**Aim of the task:** Your job is to set down the stretch of entries that opens with the line containing "深スリットが目をひくスカート" and closes with the line containing "Skrabadlo na fotce". Keep both end lines, copy each exactly, and add nothing.

**Data to examine:**
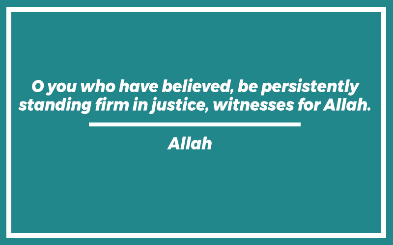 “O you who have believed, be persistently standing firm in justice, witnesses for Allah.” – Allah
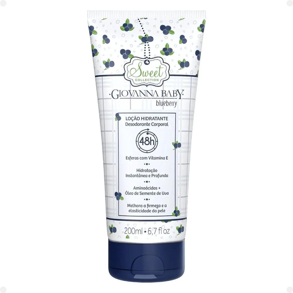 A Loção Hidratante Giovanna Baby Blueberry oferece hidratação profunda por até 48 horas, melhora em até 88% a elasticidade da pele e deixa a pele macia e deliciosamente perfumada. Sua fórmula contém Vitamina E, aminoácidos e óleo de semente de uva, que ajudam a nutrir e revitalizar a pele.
--
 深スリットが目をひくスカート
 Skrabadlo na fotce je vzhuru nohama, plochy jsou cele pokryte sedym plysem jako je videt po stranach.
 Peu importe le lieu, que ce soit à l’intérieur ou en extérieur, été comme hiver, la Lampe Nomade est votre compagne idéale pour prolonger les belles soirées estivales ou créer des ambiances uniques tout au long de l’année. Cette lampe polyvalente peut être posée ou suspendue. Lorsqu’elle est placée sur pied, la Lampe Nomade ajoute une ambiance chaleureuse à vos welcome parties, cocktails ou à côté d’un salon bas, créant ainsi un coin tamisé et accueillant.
---
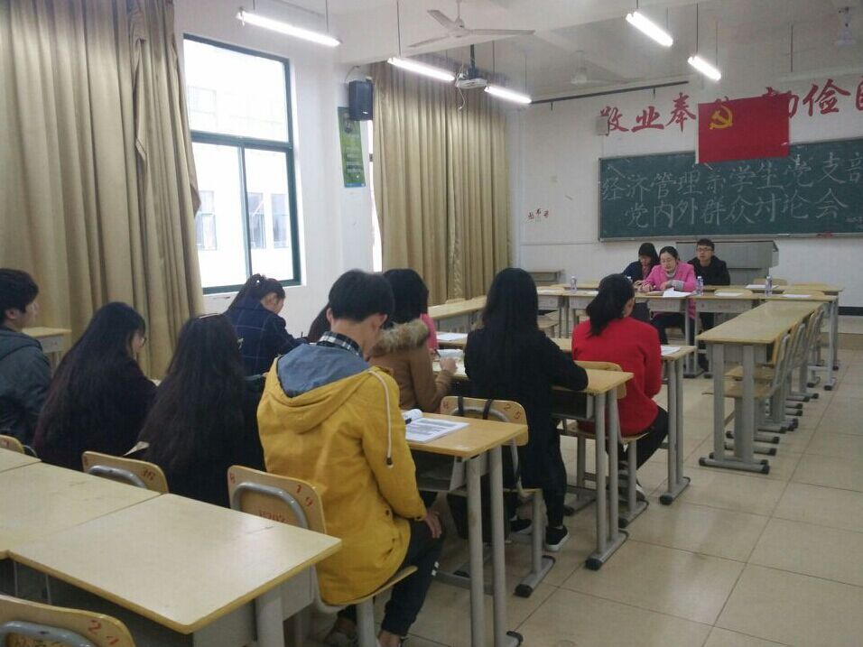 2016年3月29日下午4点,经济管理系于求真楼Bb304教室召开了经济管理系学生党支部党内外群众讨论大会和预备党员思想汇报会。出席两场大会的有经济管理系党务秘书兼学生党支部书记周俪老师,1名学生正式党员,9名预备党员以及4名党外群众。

**Response area:**
 深スリットが目をひくスカート
 Skrabadlo na fotce je vzhuru nohama, plochy jsou cele pokryte sedym plysem jako je videt po stranach.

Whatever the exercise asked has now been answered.